39. The system of claim 35, wherein the first data type is selected from the group consisting of:

electroencephalogram data; and

electrocardiogram data.

40. The system of claim 35, wherein the first threshold is 1.4.

41. The system of claim 35, wherein the second threshold is 1.4.

42. The system of claim 35, wherein the third threshold is 1.6.

43. The system of claim 35, wherein the qualifying condition is a percentage N of accepted or refined dimensional data is above a fourth threshold.

44. The system of claim 43, wherein the fourth threshold is 30 percent.

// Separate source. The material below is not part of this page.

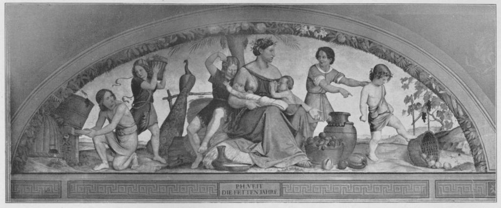 Keywords: Jahrhundertausstellung 1906 KatNr. 1864a.jpg Artwork Creator Philipp Veit Die sieben fetten Jahre Oil Canvas cm 150 480 Nationalgalerie Berlin lt Quelle Vorstand der Deutschen Jahrhundertausstellung Herausgeber žKatalog zur Ausstellung deutscher Kunst aus der Zeit von 1775 “1875 in der Königlichen Nationalgalerie Berlin Verlag F Bruckmann AG München 1906 2 Bände ; self scanned from own book 1816 und 1817 PD-old-70-1923 Other versions Philipp Veit Jahrhundertausstellung deutscher Kunst 1906 Lunette paintings ImageNote 1 18 9 2370 964 2397 994 2 Lünette in Fresko aus der Casa Bartholdi in Rom Die Frauengestalt in violettgrauem Gewand auf strohgelbem Getreide Die Knaben in rosa mattgrünen und hellblauen Gewändern Weißgrauer Grund “ 1816 und 1817 ImageNoteEnd 1

45. A computer readable medium having instructions to reduce noise associated with electrophysiological data for more effectively predicting an arrhythmic death, the instructions comprising the steps of:

forming RRi intervals from the electrophysiological data;

defining accepted PD2i values from the RRi intervals;

determining whether the accepted PD2i values are less than a first threshold value;

removing outliers when the accepted PD2i values are less than the first threshold value;

defining refined accepted PD2i values in response to removing outliers;

determining whether either the accepted PD2i values or the refined accepted PD2i values are below a second threshold; and

predicting an arrhythmic death when either the accepted PD2i values or the refined accepted PD2i values are below the second threshold and above a qualifying condition.

46. The computer readable medium of claim 45, further comprising instructions comprising the steps of:

determining whether either the accepted PD2i values or the refined accepted PD2i values are above a third threshold when it is determined that either the accepted PD2i values or the refined accepted PD2i are not below the second threshold;

applying a transition zone correction when it is determined that either the accepted PD2i values or the refined accepted PD2i values are not above the third threshold; and

applying a noise content correction when it is determined that either the accepted PD2i values or the refined accepted PD2i values is above the third threshold.

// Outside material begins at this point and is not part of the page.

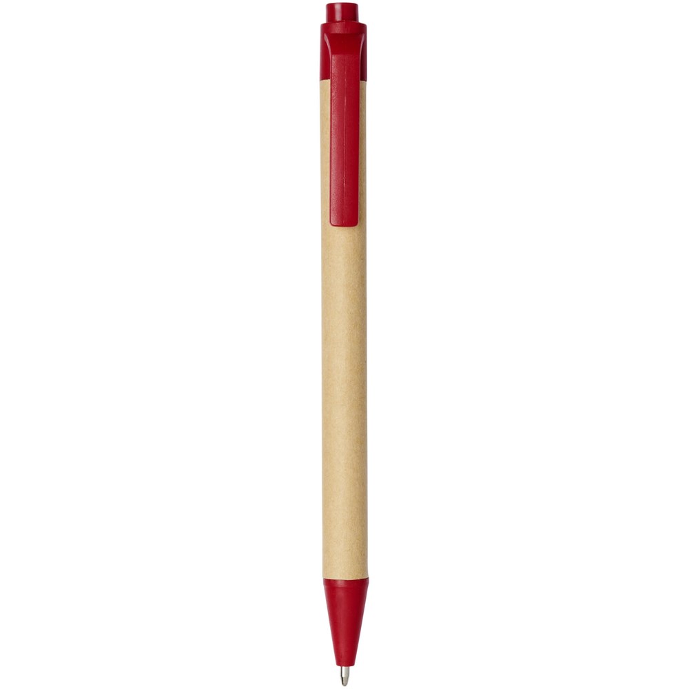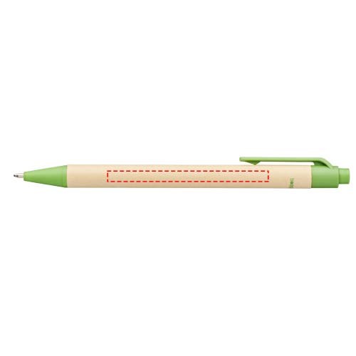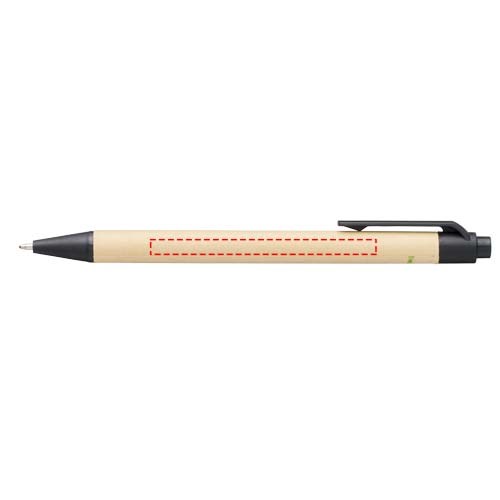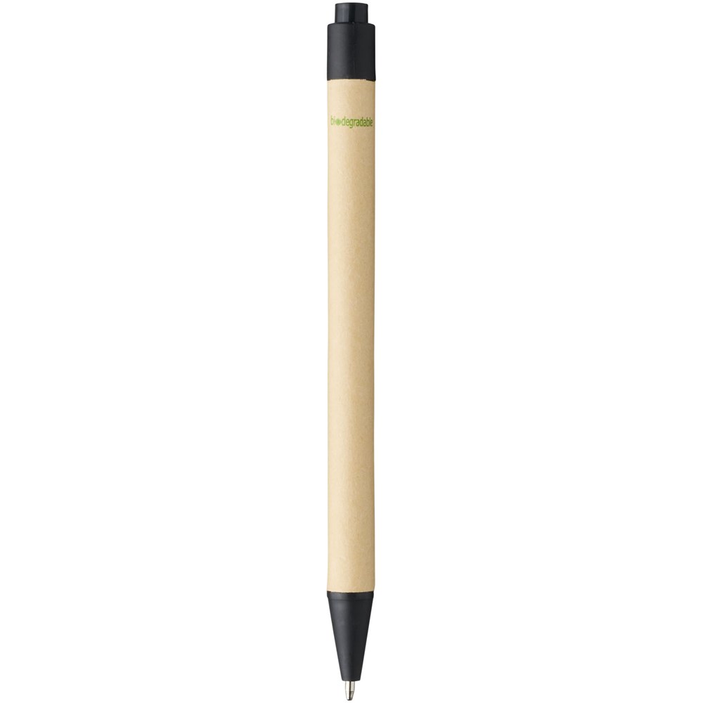 Ecovriendelijke balpen met klikmechanisme, met een huls van biologisch afbreekbaar papiermateriaal en mais plastic sierstrips in verschillende kleuren. De kleur van het gerecyclede karton kan variëren.

47. The computer readable medium of claim 46, further comprising instructions comprising the steps of

subtracting an offset from either the accepted PD2i values or the refined accepted PD2i values; and

predicting the arrhythmic death in response to subtracting the offset.

48. The computer readable medium of claim 46, further comprising instructions comprising the steps of:

removing an outlier greater than a predetermined number of standard deviations of the RRi intervals;

determining if the RRi intervals meet a predetermined number of NCA criteria;

removing a noise-bit from each RRi interval, if the predetermined number of NCA criteria are met;

re-defining accepted PD2i values from the RRi intervals;

predicting the arrhythmic death in response to the redefined PD2i values.

49. The computer readable medium of claim 45, wherein the first data type is selected from the group consisting of:

electroencephalogram data; and

electrocardiogram data.

50. The computer readable medium of claim 45, wherein the first threshold is 1.4.

51. The computer readable medium of claim 45, wherein the second threshold is 1.4.

52. The computer readable medium of claim 45, wherein the third threshold is 1.6.

53. The computer readable medium of claim 45, wherein the qualifying condition is a percentage N of accepted or refined dimensional data is above a fourth threshold.

54. The computer readable medium of claim 53, wherein the fourth threshold is 30 percent.